— WHAT NEEDS TO BE DONE —
The result should be an exact copy of only the lines from the one with "操控变形金刚鸟进行跑酷射击,消灭藏在障碍物里的机械猪。" through the last line of the data below, with pictures omitted.
---------- THE DATA
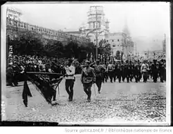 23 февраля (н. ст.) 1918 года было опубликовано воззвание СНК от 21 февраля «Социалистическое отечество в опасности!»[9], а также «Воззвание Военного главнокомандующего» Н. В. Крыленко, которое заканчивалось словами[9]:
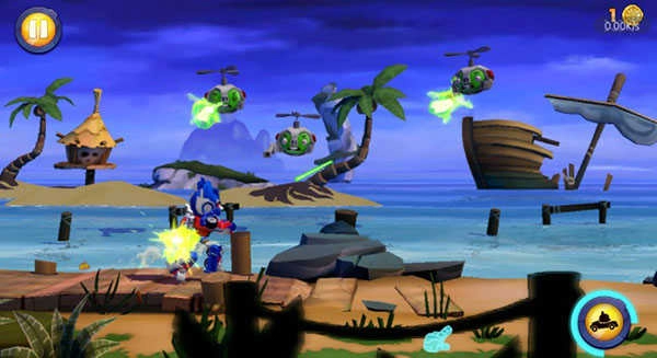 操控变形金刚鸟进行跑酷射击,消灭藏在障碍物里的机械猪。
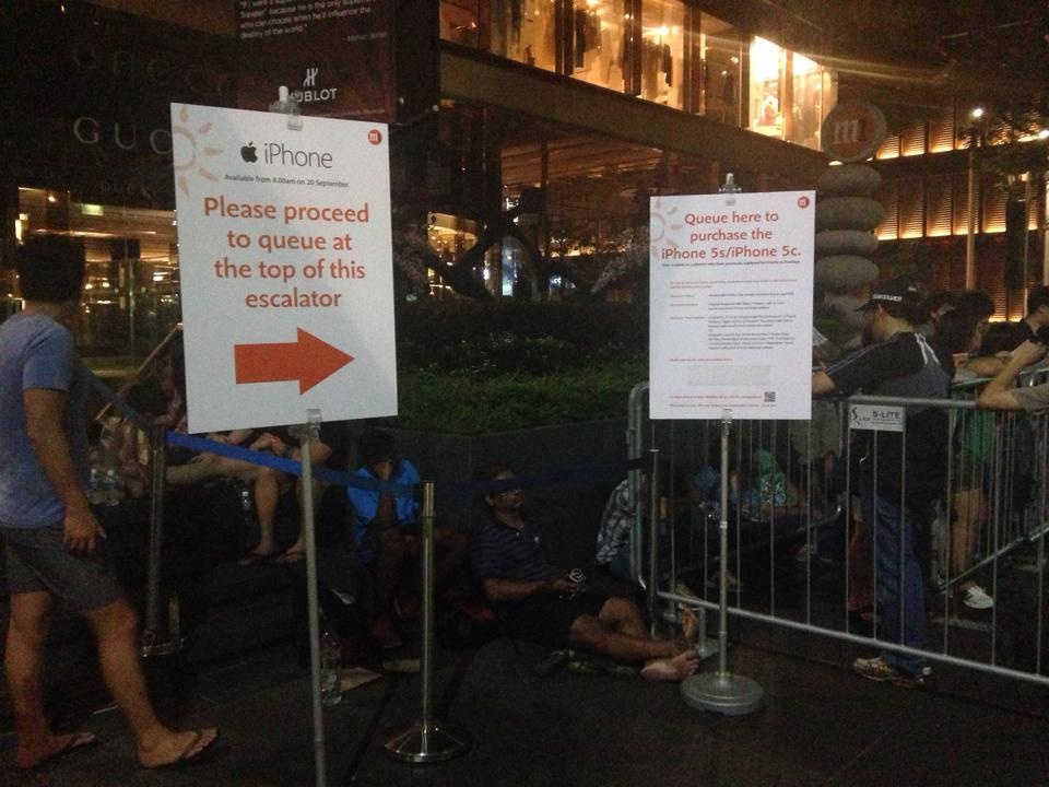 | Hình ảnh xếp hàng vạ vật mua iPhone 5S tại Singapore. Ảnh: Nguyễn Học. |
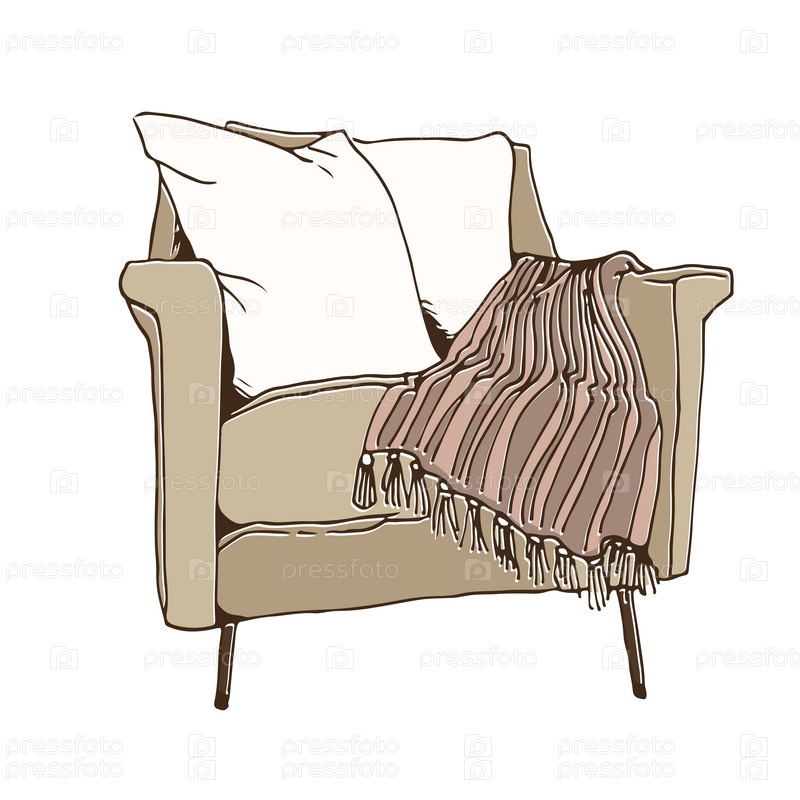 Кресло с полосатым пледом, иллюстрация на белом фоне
--------------------
— SOLUTION FOR THIS PROBLEM —
 操控变形金刚鸟进行跑酷射击,消灭藏在障碍物里的机械猪。
 | Hình ảnh xếp hàng vạ vật mua iPhone 5S tại Singapore. Ảnh: Nguyễn Học. |
 Кресло с полосатым пледом, иллюстрация на белом фоне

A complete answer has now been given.